▸ **Data records**:
Start of Block
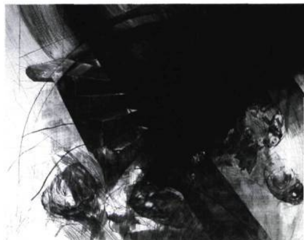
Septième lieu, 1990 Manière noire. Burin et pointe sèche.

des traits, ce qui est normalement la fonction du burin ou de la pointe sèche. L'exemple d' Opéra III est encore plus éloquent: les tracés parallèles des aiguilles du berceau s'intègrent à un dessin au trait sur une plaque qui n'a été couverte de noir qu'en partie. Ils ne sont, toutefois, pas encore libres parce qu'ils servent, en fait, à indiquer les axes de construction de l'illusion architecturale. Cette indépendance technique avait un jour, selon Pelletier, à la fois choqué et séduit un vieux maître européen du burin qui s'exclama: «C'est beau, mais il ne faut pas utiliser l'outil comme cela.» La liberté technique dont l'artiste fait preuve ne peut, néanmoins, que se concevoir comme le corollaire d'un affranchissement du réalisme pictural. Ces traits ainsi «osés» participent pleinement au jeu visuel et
End of Block
Start of Block
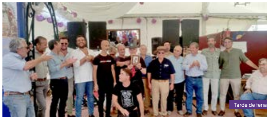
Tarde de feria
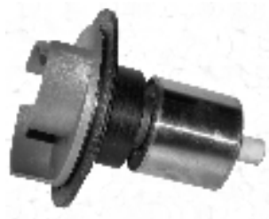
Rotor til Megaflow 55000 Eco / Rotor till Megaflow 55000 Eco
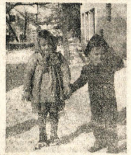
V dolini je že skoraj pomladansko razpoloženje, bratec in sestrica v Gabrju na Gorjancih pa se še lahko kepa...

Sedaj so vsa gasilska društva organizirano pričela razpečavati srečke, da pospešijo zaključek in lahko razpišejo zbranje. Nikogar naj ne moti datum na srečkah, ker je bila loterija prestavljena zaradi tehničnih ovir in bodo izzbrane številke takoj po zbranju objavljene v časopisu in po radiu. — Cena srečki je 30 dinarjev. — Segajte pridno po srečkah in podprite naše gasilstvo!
End of Block
Start of Block
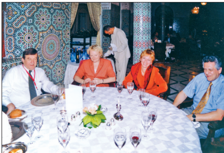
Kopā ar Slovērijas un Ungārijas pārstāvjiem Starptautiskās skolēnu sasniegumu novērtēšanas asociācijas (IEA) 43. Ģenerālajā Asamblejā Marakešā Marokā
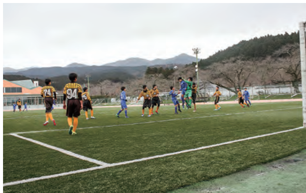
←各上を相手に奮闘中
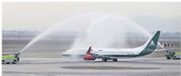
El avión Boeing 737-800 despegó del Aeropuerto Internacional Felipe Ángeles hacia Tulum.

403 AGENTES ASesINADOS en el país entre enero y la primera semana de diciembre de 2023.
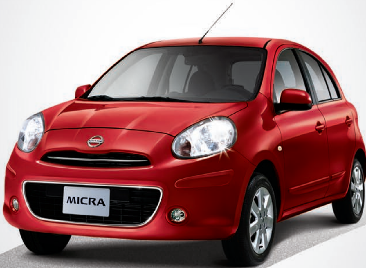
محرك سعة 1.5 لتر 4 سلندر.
End of Block
▸ **Brief**: Copy the lines of the data above exactly as written, beginning with the line containing "Septième lieu, 1990" and ending with the line containing "des traits, ce", and leave out all other lines.

▸ **Completed exercise**:
Septième lieu, 1990 Manière noire. Burin et pointe sèche.

des traits, ce qui est normalement la fonction du burin ou de la pointe sèche. L'exemple d' Opéra III est encore plus éloquent: les tracés parallèles des aiguilles du berceau s'intègrent à un dessin au trait sur une plaque qui n'a été couverte de noir qu'en partie. Ils ne sont, toutefois, pas encore libres parce qu'ils servent, en fait, à indiquer les axes de construction de l'illusion architecturale. Cette indépendance technique avait un jour, selon Pelletier, à la fois choqué et séduit un vieux maître européen du burin qui s'exclama: «C'est beau, mais il ne faut pas utiliser l'outil comme cela.» La liberté technique dont l'artiste fait preuve ne peut, néanmoins, que se concevoir comme le corollaire d'un affranchissement du réalisme pictural. Ces traits ainsi «osés» participent pleinement au jeu visuel et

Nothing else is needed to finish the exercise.